LVSM: A Purely Transformer-Based Model for Scalable Novel View Synthesis with Minimal 3D Bias

Models & Research

The Engineer

29 Oct 2024 · 3 min read

Researchers from leading institutions have developed LVSM, a transformer-based model for high-quality novel view synthesis that operates with minimal 3D bias, marking a significant advancement in computer vision.

Introduction

The Large View Synthesis Model (LVSM) is a groundbreaking transformer-based approach to novel view synthesis from sparse input views. Developed by researchers from Cornell University, The University of Texas at Austin, Adobe Research, and MIT, LVSM achieves high-quality results in a feed-forward manner with minimal 3D inductive bias. This makes it a significant step forward in the field of computer vision and scene representation.

Technical Overview

LVSM introduces two main architectures:

Encoder-Decoder LVSM: Encodes input image tokens into a fixed number of 1D latent tokens, which serve as a fully learned scene representation. It then decodes novel-view images from these latents.
Decoder-Only LVSM: Directly maps input images to novel-view outputs, eliminating the need for intermediate scene representations.

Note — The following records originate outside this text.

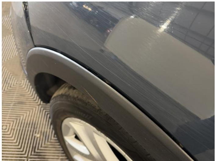
6: Wing Front Arch Extension ns Scuffed (Unpainted) Over 100mm
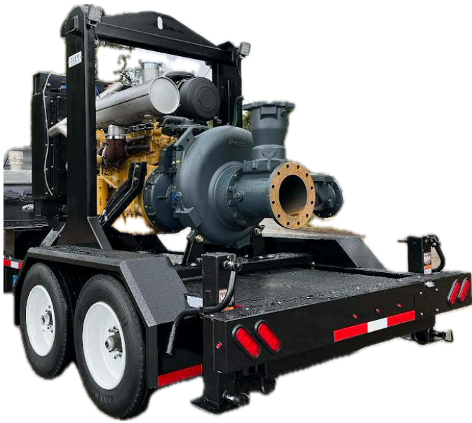
[ QPD-108HH17 ]
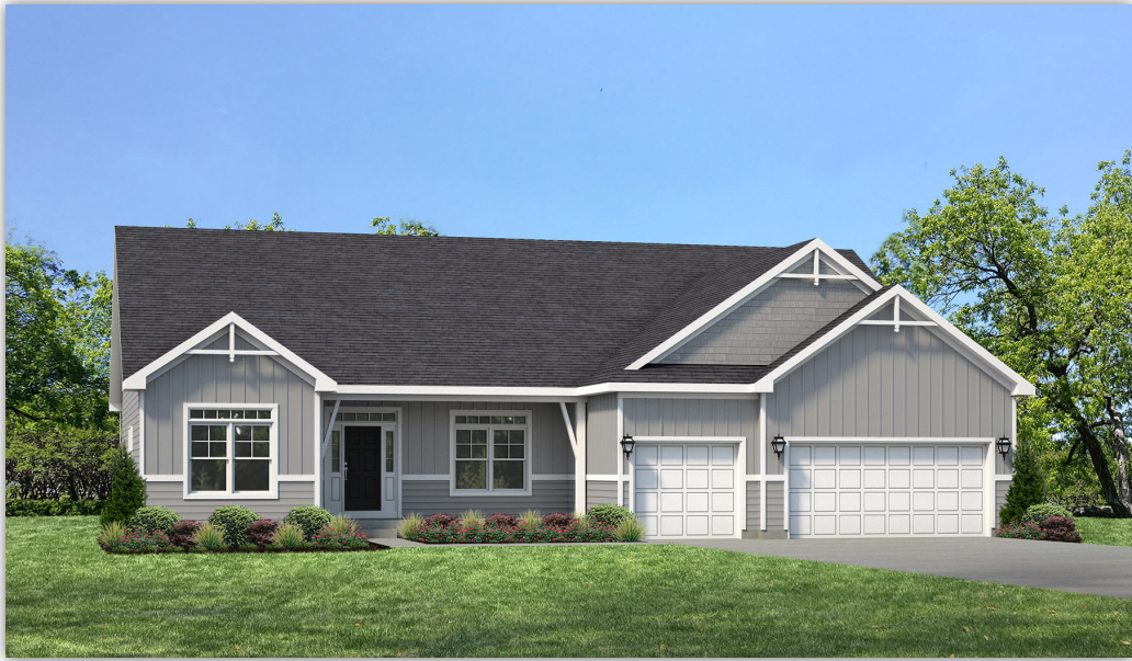
ELEVATION III OPTIONAL TRANSOM WINDOWS
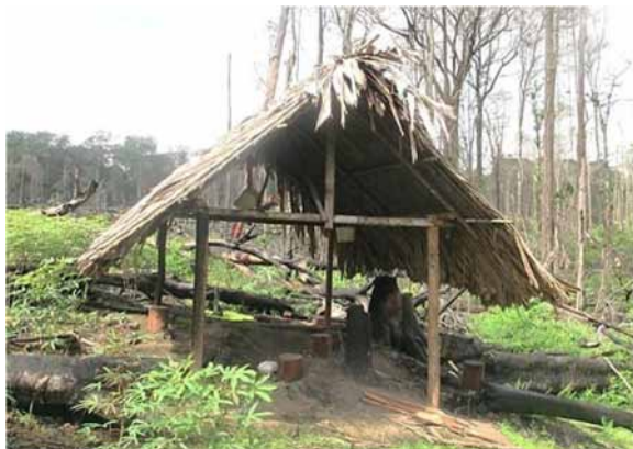
Fig. 4 Light shelter in a cassava field

Once the location of the building has been chosen, the first step is setting up the vertical frame (Fig. 5). The length between two posts is measured in fathoms, i.e., the space between the two hands, arms open wide. Posts
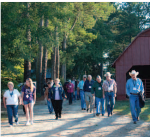
► Participants enjoyed the sunshine at Wakefield Farm.
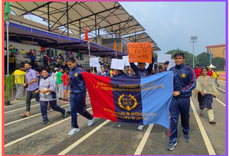
NATIONAL UNITY DAY (31-10-24)
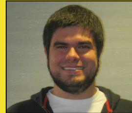
Felipe 404 Suites 400 - 409
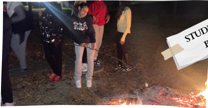
STUDENT LIFE: BONFIRE
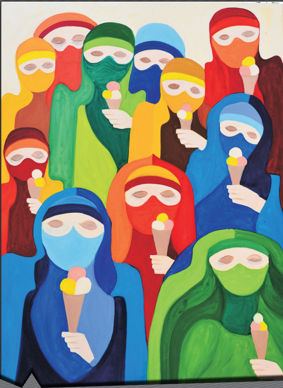
Empowering Women Oil on Canvas 36x48
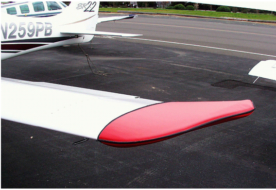
Cirrus SR-22 Wingtip Pad (also available for the Horiz. Stab.
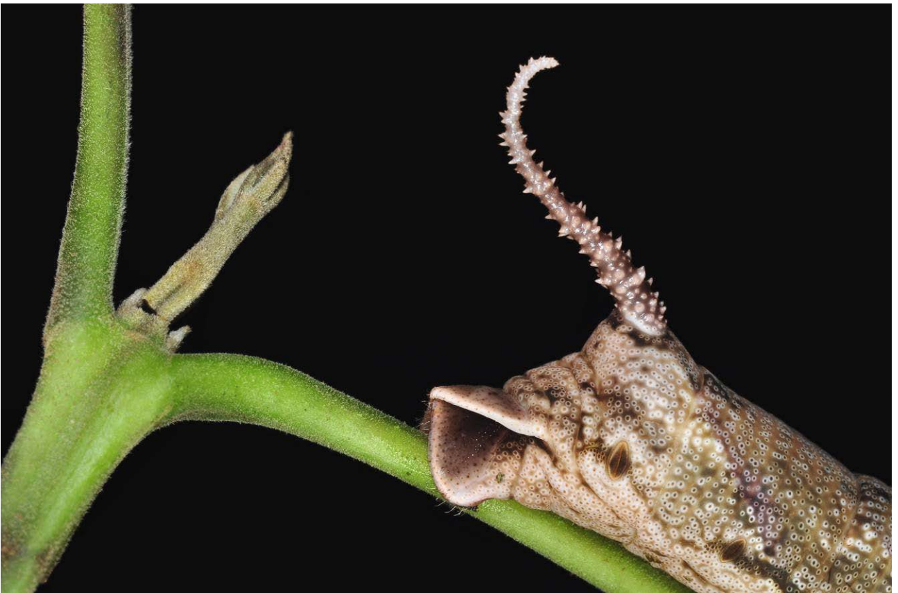
Fig. 5. Posterior close-up to show the shape and ornamentation of the tail horn (16 mm).
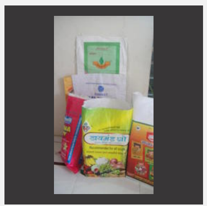
PP / HDPE Bags
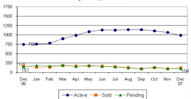
Units Sold, Pending Contracts and Active Listings Loudoun County Single-Family Attached
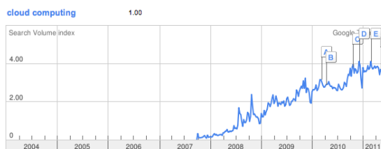
Fig.1: Searches for 'cloud computing' on Google.com

Many of today's services rely on efficient access to computing services. Cloud computing has recently reached popularity and developed into a major trend in IT. Industries have been researching the Cloud research agenda for a long time; academia has only recently joined, which can be seen through the sudden rise in workshops and conferences which focus on Cloud Computing. In response to the resulting demand for flexible computing resources, cloud computing has taken the IT industry by storm over the past few years. The term "Cloud Computing" became famous in 2007, when IBM and Google announced research in this field, and later on, IBM announced "Blue Cloud" effort[1]. A key element of cloud computing is the creation of a user-defined experience. Cloud computing users avoid capital expenditure on hardware, software, and services and they pay the provider only for what they use.

Both models bypass traditional 3D inductive biases (e.g., NeRF, 3DGS) and network designs (e.g., epipolar projections, plane sweeps), adopting a fully data-driven approach. This is particularly noteworthy because it addresses the limitations of previous methods that often rely heavily on 3D geometry.

Key Features

Minimal 3D Inductive Bias: By avoiding explicit 3D representations, LVSM reduces the risk of overfitting to specific geometric assumptions.
Scalability and Generalization: The decoder-only variant demonstrates superior quality, scalability, and zero-shot generalization capabilities.
Efficiency: The encoder-decoder model offers faster inference due to its independent latent representation.

Performance

LVSM outperforms previous state-of-the-art methods by 1.5 to 3.5 dB PSNR. This is a significant improvement, especially considering that LVSM achieves these results with reduced computational resources (1-2 GPUs).

Quantitative Comparison

| Method | PSNR (dB) | |----------------|-----------| | Previous SOTA | 28.0 | | LVSM Encoder | 30.5 | | LVSM Decoder | 31.5 |

Qualitative Comparison

LVSM is particularly effective in handling sparse input views. Here are some key results:

Scene-Level Novel View Synthesis (2 Views):
- LVSM outperforms methods like PixelSplat and MVSplat, which only support 256x256 resolution.
- The quality of the synthesized views is significantly better, with fewer artifacts and more accurate details.
Object-Level Novel View Synthesis (4 Views):
- Results are generated at a higher resolution (512x512) using the decoder-only model.
- The input images are attached to the bottom of each novel view synthesis result for reference.

Implementation Details

Encoder-Decoder LVSM:
- Input: Sparse image views with camera poses.
- Latent Representation: Encodes input into a fixed number of 1D latent tokens.
- Output: Novel-view images decoded from the latents.
Decoder-Only LVSM:
- Input: Sparse image views with camera poses.
- Output: Directly generates novel-view images without intermediate representations.

Benchmarks and Datasets

LVSM has been evaluated across multiple datasets, including:

Blender: A synthetic dataset with high-resolution images of various scenes.
LLFF (Legends of Lost Frontiers): A real-world dataset with diverse environments.
DTU (Danish Technical University): A dataset with multi-view stereo captures.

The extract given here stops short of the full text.